Adaptasyon’lar; SENARYONUN ÖYKÜ KAYNAKLARI – II

Adaptasyon

Edebiyat ve tiyatro eserlerini sinemaya adaptasyonu (uyarlanması) sinema tarihinin başlangıcından beri sıklıkla uygulanan bir yöntemdir.

Adaptasyon geçmiş çağlardan bu yana her anlatı sisteminin gelişiminde rol oynamıştır.

Tarih boyunca, sözlü masallardan yazılı edebiyata ve yeni bir sanat olan sinemaya kadar, adaptasyon anlatı geleneğinin sürdürülmesini sağlamış, sinemanın şekillenip yayılmasına hizmet etmiştir.

Andre Bazin’e göre, “bugünün sanatı, medyumların karşılıklı alışverişleri ve söylemlerin etkileşimlerini içermektedir”.

Sinema, başlangıcından beri 19. yüzyıl romanlarından sıklıkla faydalanmış ve  bu dönemin büyük romanlarının kabul görmüş kalıpları sinema anlatısını derinden etkilemiştir.

Bu romanların popülerliği sayesinde emekleme çağını yaşayan sinema endüstrisi seyirciyi yeni kurulan sinema salonlarına çekmeyi de başarmıştır.

adaptasyon2
Gone With The Wİnd

 

Örnek, 1939 yılında gösterildiği sinema salonları önünde uzun kuyruklar oluşturan bir film, 80’li yıllara gelinceye kadar bütün zamanların en çok iş yapan filmi unvanını koruyan ‘Gone With The Wind – RÜZGÂR GİBİ GEÇTİ’ vizyona girer.
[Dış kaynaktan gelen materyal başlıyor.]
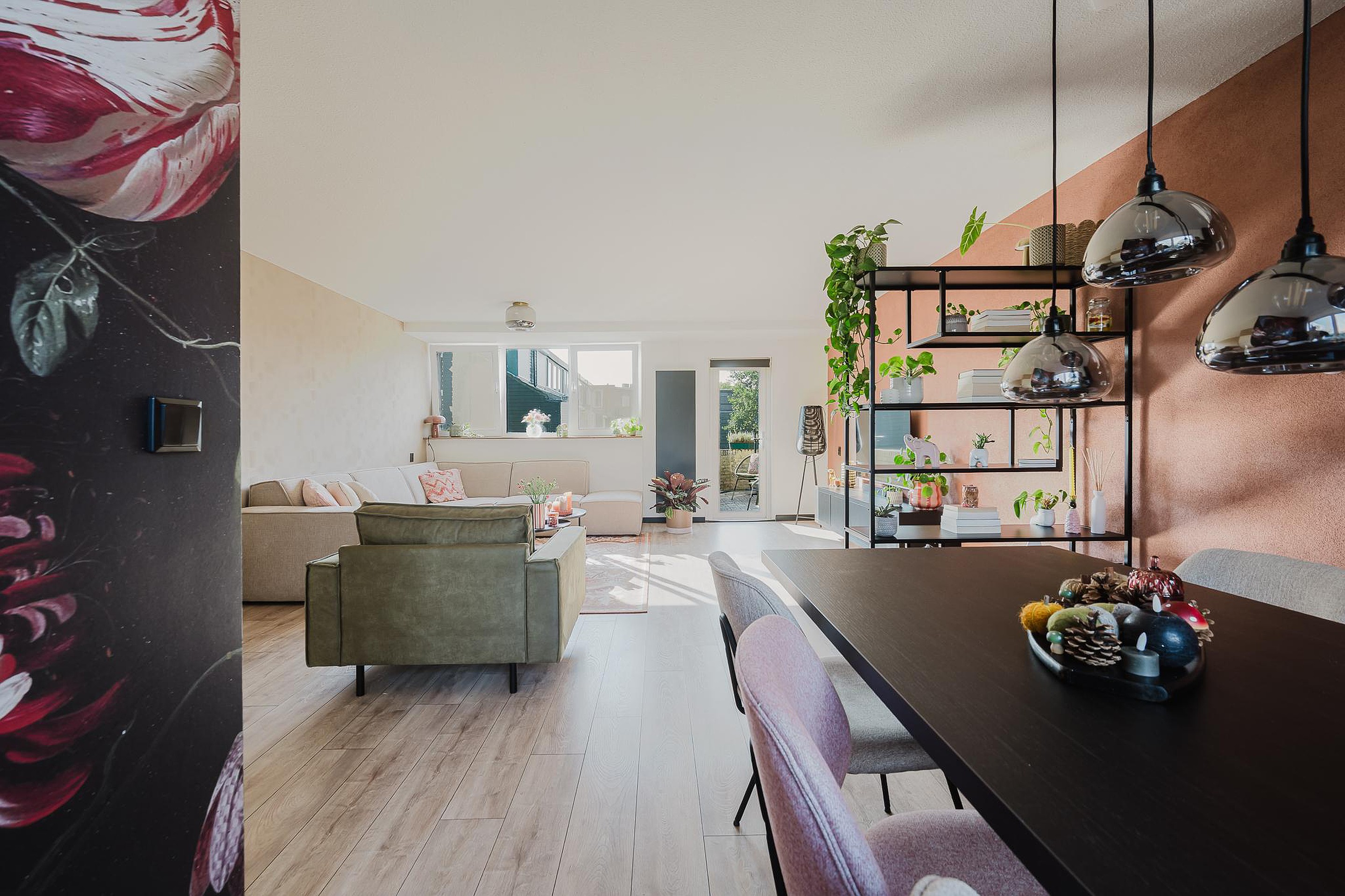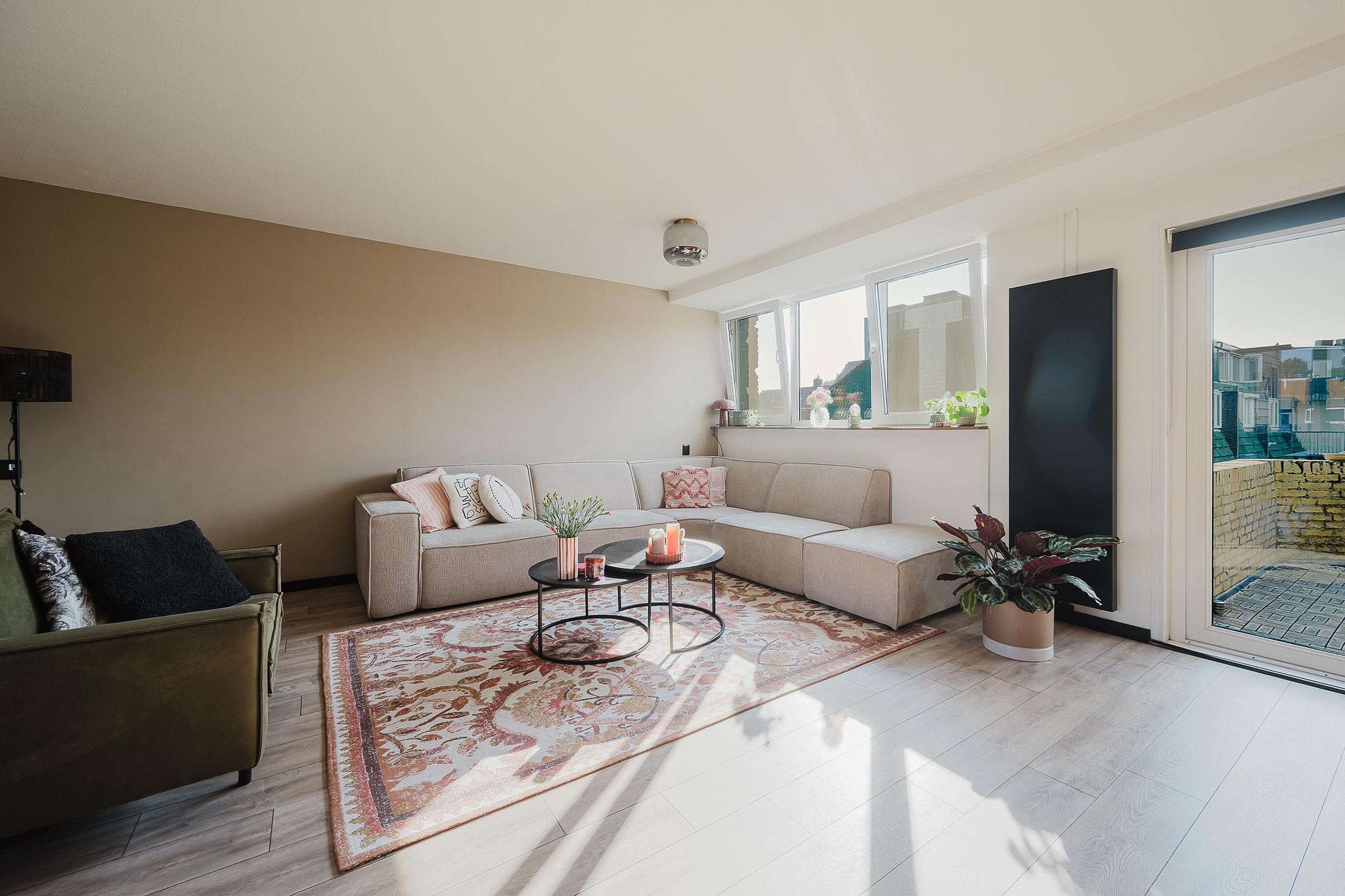 De doorzonwoonkamer bevindt zich aan de achterzijde en is ruim en licht dankzij de grote raampartijen. Vanuit de woonkamer stap je zo het zonnige balkon op, waar je de hele dag door kunt genieten.

Clark Gable, Leslie Howard ve Vivien Leigh’in oyunculuklarını üstlendiği bu film Atlanta’lı kadın yazar Margareth Mitchell’ in yine aynı isimli tek romanının uyarlamasıdır ve  Hollywood yapımcısı David O’Selznick’in en ünlü projesi ve uyguladığı reklam kampanyaları ile de tam bir yapımcılık başarısıdır.
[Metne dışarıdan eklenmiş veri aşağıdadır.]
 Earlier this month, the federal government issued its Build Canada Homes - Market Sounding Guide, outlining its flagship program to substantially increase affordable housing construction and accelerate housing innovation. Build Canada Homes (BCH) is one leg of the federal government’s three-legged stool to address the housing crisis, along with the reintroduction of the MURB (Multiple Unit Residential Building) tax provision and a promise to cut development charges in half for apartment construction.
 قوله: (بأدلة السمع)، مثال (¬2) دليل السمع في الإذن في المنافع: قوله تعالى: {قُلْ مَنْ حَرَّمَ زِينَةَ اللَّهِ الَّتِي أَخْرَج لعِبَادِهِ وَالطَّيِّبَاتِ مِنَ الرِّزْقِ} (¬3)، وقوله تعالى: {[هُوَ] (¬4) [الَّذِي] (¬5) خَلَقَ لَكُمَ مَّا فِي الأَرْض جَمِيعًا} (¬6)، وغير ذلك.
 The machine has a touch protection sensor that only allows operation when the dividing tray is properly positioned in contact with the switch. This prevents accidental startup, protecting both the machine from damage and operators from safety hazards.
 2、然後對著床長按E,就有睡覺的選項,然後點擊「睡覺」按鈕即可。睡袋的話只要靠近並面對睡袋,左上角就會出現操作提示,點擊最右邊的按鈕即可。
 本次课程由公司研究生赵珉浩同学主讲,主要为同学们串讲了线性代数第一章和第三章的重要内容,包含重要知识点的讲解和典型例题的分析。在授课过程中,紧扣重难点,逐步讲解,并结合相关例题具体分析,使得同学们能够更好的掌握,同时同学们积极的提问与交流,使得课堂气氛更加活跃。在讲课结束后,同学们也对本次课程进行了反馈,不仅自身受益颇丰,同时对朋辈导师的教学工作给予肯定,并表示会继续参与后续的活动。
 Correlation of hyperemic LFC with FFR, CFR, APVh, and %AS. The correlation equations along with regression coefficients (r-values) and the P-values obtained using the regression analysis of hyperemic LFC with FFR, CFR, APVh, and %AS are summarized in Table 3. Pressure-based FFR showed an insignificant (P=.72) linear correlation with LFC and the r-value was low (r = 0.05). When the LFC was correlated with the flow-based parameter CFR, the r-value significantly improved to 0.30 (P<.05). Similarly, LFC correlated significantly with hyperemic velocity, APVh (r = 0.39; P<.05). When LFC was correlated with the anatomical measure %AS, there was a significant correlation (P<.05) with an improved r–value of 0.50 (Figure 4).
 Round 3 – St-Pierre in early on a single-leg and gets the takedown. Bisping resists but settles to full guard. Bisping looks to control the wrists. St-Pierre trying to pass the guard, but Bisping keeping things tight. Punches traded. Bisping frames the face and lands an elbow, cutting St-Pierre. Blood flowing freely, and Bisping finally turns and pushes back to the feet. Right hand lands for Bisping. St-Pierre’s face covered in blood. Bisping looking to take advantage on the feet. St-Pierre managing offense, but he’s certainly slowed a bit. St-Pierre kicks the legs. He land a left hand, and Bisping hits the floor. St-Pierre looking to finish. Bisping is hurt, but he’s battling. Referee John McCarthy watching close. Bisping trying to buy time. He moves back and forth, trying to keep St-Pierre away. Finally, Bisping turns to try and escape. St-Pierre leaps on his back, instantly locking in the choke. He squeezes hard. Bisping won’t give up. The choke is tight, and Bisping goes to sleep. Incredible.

Kitabın filme alınacağının söylendiği ilk andan itibaren Amerika’da büyük bir heyecan yaratmış olan bu projede artık bir halk kahramanı haline dönüşen Rhett Butler ve Scarlett O’Hara’yı kimlerin canlandıracağı büyük merak uyandırmıştır.

Daha sonraları halkın baskısı ile Rhett karakteri için Clark Gable tartışmasız bir isim haline gelmişse de Scarlett bir türlü seçilememiştir.
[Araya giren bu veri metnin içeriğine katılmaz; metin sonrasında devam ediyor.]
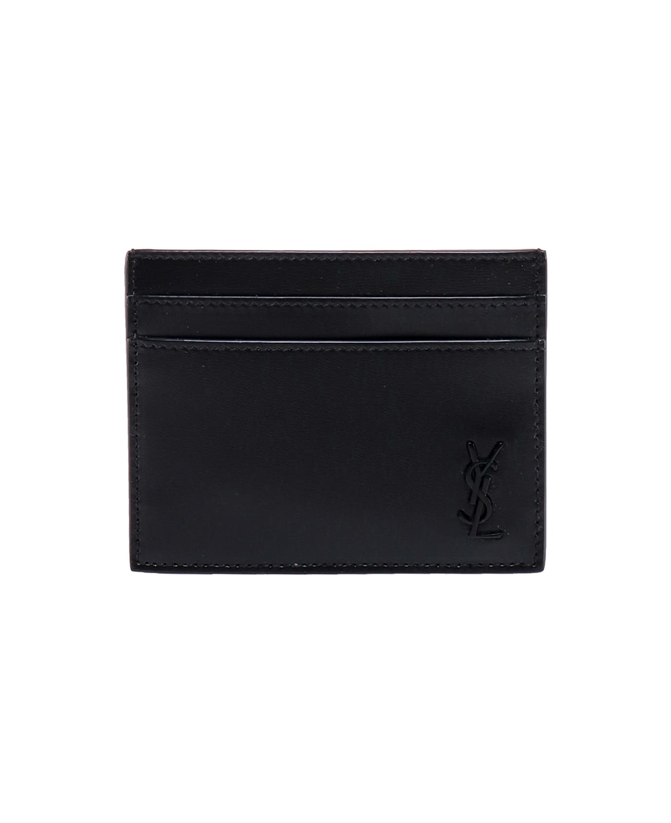 Leather card holder with frontal monogram - Five Compartments For Credit Cards - Frontal Logo - Stitched Profiles - Made In Italy - Leather
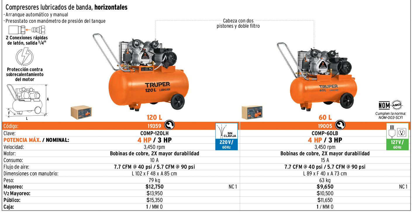 Compresor lubricado, de banda, 60L, hor, 4HP, 127V, TRUPER
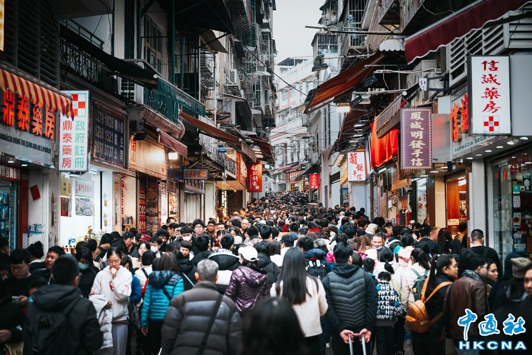 臨近農曆新年,澳門新馬路、大三巴等旅遊景區人頭攢動。香港中通社圖片
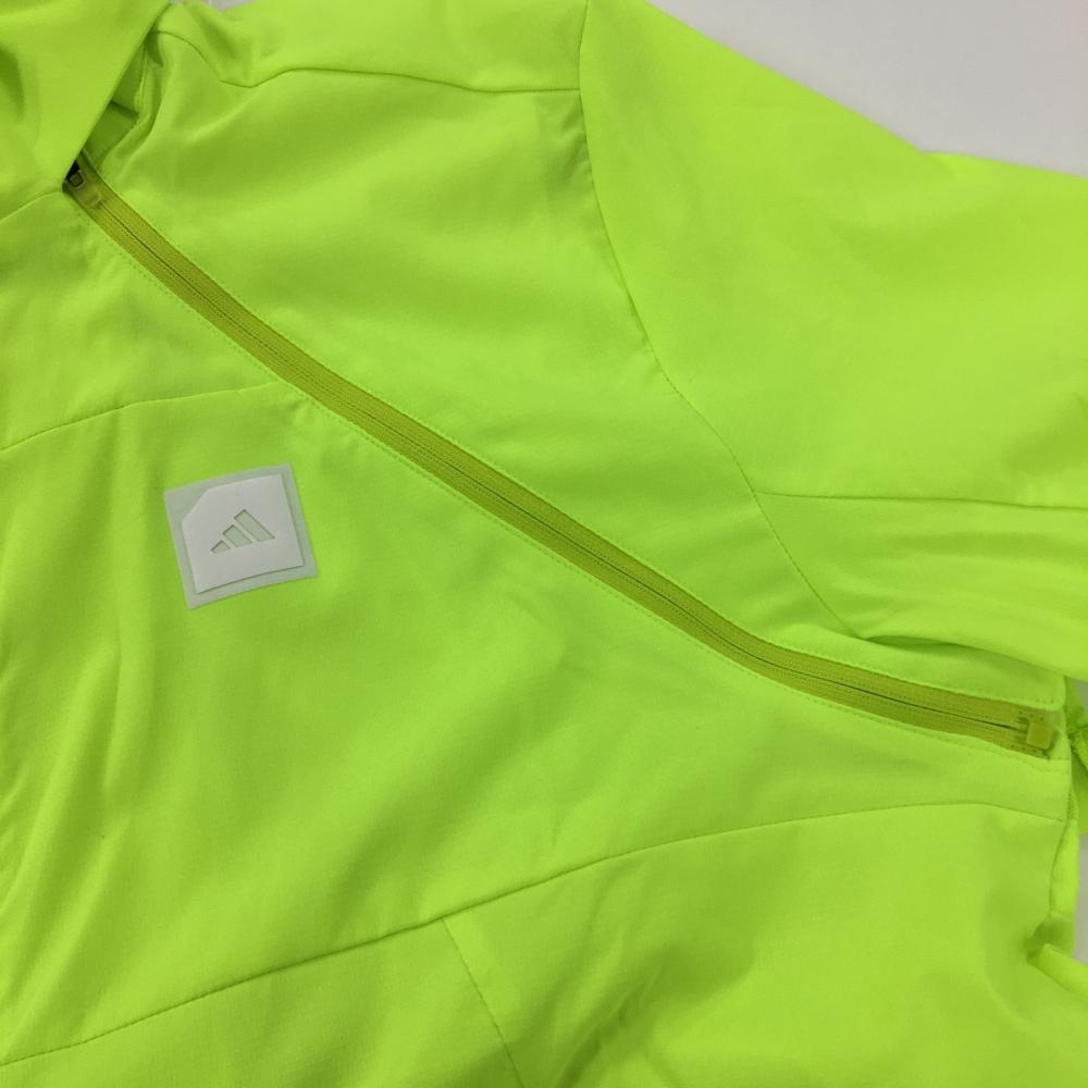 【美品】アディダス 2WAYジャケット 蛍光グリーン 袖着脱可 胸ロゴ メンズ M ゴルフウェア 2023年モデル adidas

Bu rol için bir yandan Lucille Ball, Joan Bennett, Claudette Colbert, Bette Davis gibi ünlü isimler tartışılırken bir yandan da ülke çapında yarışmalar tertiplenmiştir.

Son dakikada, hatta filmin bazı sahneleri çekilirken, Sir Laurence Olivier’in eşi, şöhretini tiyatroda yapmış bir İngiliz aktrist olan Vivien Leigh’in seçimi bomba etkisi yaratmıştır.

Hikaye Kuzey – Güney arasındaki güç paylaşımının sonucu çıkan Amerikan iç savaşının oluşturduğu fon çerçevesinde geçen bir aşk hikayesi olarak aynı zamanda o dönem Amerikan sinemasının romantik – duygusal bir örneğini temsil eder.

Böylece gelişen sinema bir süre sonra adaptasyon ile yavaş yavaş romanla benzer özellikler kazanarak romanın görevini de yerine getirmeye soyunmuştur diyebiliriz.

Adaptasyon, bir metnin (roman, hikâye, tiyatro oyunu, bilgisayar oyunu, çizgi roman vb. gibi) filme uyarlanabilirliği ile ilgili teorik ve pratik sorunları içerir.

Bu durum da sinema ile diğer medyumlar arasındaki anlatım farklılıklarından doğan kaçınılmaz bir sorundur.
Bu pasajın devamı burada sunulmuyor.